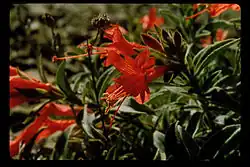 At the end of each erect branch is a glandular inflorescence bearing a bright red-orange tubular flower 2 or 3 centimeters long. A bunch of stamens and one long pistil protrude obviously from the mouth of the bloom, which is pollinated by nectar-feeding birds. The fruit is a hairy capsule about two centimeters long.
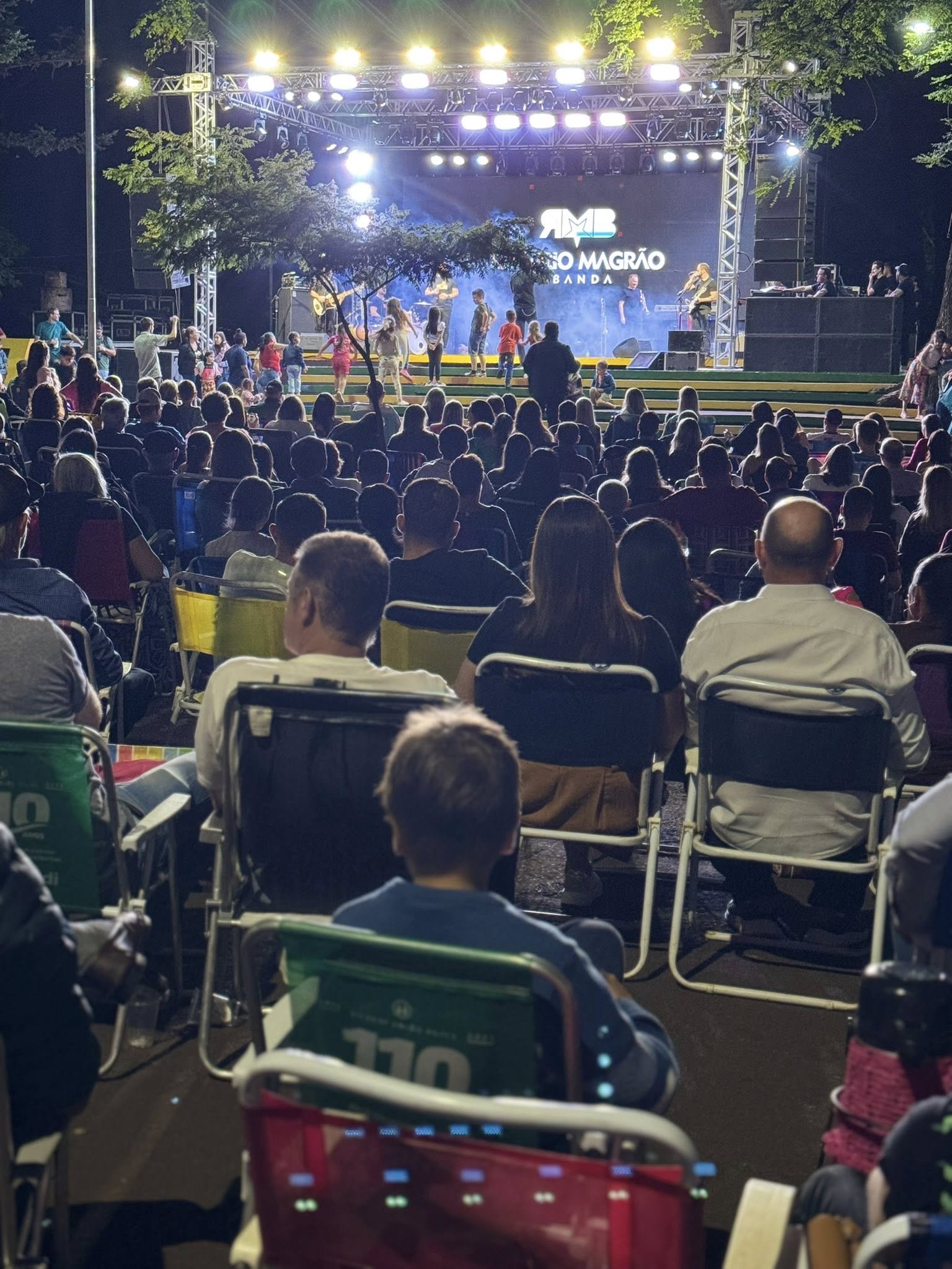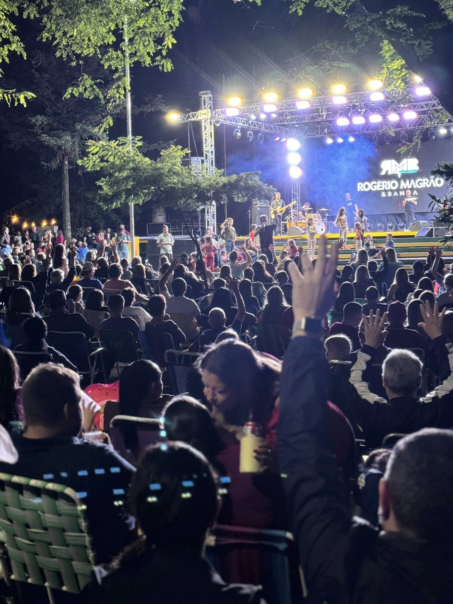 O ponto alto da noite foi o aguardado show com Rogério Magrão & Banda, que animou o público e trouxe uma atmosfera de celebração e alegria para marcar o encerramento das festividades. Com um repertório animado e carisma no palco, o grupo conquistou o público presente, fechando a programação com chave de ouro.
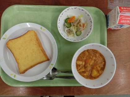 献立は「フレンチトースト、ビーンズシチュー、ツナサラダ、牛乳」です。
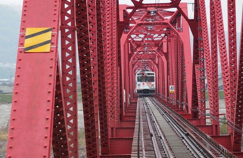 数分後、城下で交換した上りが来る。トラス橋だからどこでシャッターを切っても前面に邪魔が入る。
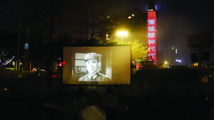 當天晚上,在市區東江公園,主辦方還舉辦學雷鋒精神紅色電影放映活動,特別選取了1965年拍攝的黑白電影《雷鋒》,并使用5毫米105電影膠片機放映,滿滿的年代感。與此同時,惠州江北CBD坐標建筑榮燦惠州中心外墻LED屏幕上也亮起“雷鋒精神代代傳”“文明心、志愿情,學習雷鋒我先行”等字幕,向雷鋒致敬。

○ ○ ○ ○ ○

- WORK INSTRUCTIONS
From the first line to the last, repeat the listing exactly and skip its images.

- EXERCISE OUTPUT
 At the end of each erect branch is a glandular inflorescence bearing a bright red-orange tubular flower 2 or 3 centimeters long. A bunch of stamens and one long pistil protrude obviously from the mouth of the bloom, which is pollinated by nectar-feeding birds. The fruit is a hairy capsule about two centimeters long.
 O ponto alto da noite foi o aguardado show com Rogério Magrão & Banda, que animou o público e trouxe uma atmosfera de celebração e alegria para marcar o encerramento das festividades. Com um repertório animado e carisma no palco, o grupo conquistou o público presente, fechando a programação com chave de ouro.
 献立は「フレンチトースト、ビーンズシチュー、ツナサラダ、牛乳」です。
 数分後、城下で交換した上りが来る。トラス橋だからどこでシャッターを切っても前面に邪魔が入る。
 當天晚上,在市區東江公園,主辦方還舉辦學雷鋒精神紅色電影放映活動,特別選取了1965年拍攝的黑白電影《雷鋒》,并使用5毫米105電影膠片機放映,滿滿的年代感。與此同時,惠州江北CBD坐標建筑榮燦惠州中心外墻LED屏幕上也亮起“雷鋒精神代代傳”“文明心、志愿情,學習雷鋒我先行”等字幕,向雷鋒致敬。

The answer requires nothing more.